Above all, express that you know how hard this is for your employees, and show empathy for their personal situations. Don’t over promise if you’re not sure when you’ll bring back any cut benefits. Just be as human and empathetic as possible.
Don’t bury the lead
A few years ago here at Jellyvision, we decided for cash flow reasons that we would wait until the end of the year to provide 401K employer matches, instead of doing it on an ongoing basis. Here’s how our Chief Administrative Officer, Kurt Hirsch, handled sharing the news:
✓ Started with WHY
✓ Preemptively addressed other possible concerns
✓ Remained open to any other questions
In communicating the hard news, Kurt didn’t bury the lead. He jumped right into the news, and explained why the new policy strengthened Jellyvision’s financial footing, and how that would help all employees with job security. And once employees had a chance to digest his email, Kurt kept his door open to anyone who had questions.
7. Focus on mental health resources
Beyond the threat to our physical health, COVID-19 is affecting our stress levels as well. To combat this, many employers have increased their focus on mental health. So if you offer wellness resources like an EAP, now’s the time to encourage employees to take advantage of these benefits.

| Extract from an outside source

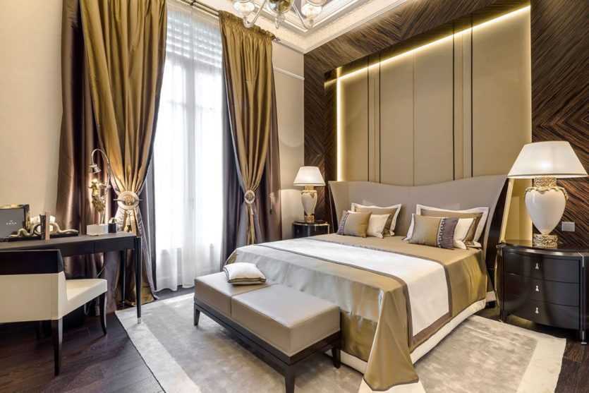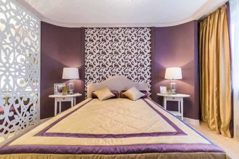 Просторная спальня выглядит роскошно, если для дизайна использованы бордовый, синий и золотистые цвета. Советуется также сочетание светлых и темных оттенков одной цветовой гаммы.
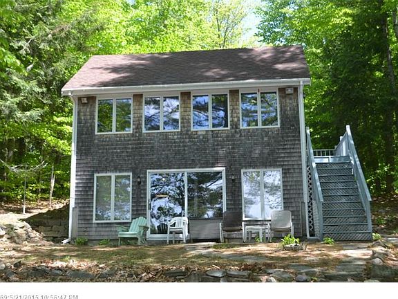 Year round home with 50' on mighty above average water quality Sebago Lake. Home features views lake side of the scenic Dingley Islands. 3 bedrooms 1.5 baths, daylight walkout unfinished basement, garage on separate lot across the street. Ready to enjoy summer, fall, winter and spring. Septic approved for 4 bedrooms.

Employee Assistance Programs vary, but most offer some form of mental health resources, financial advice, support for child and elder care and even coronavirus-specific issues. Even better: EAPs are already set up for remote access.
If you have any employees who have used your EAP, ask them to vouch for it. Peer testimonials can motivate other employees to sign up when they otherwise may not have.
If you have yoga or meditation classes and have moved them online, make that known. There are even popular mobile apps (like Headspace and Calm) that can reduce stress and promote better sleep through relaxation and meditation. Consider offering something like this as a temporary or even long-term benefit.
Don’t forget to remind employees about telehealth options that allow for virtual visits. This can help reduce stress by providing a safer option for care, while maintaining strong physical and mental health. Finally, consider setting up emergency relief funds for employees who need it. If you already have one, make sure everyone knows about it.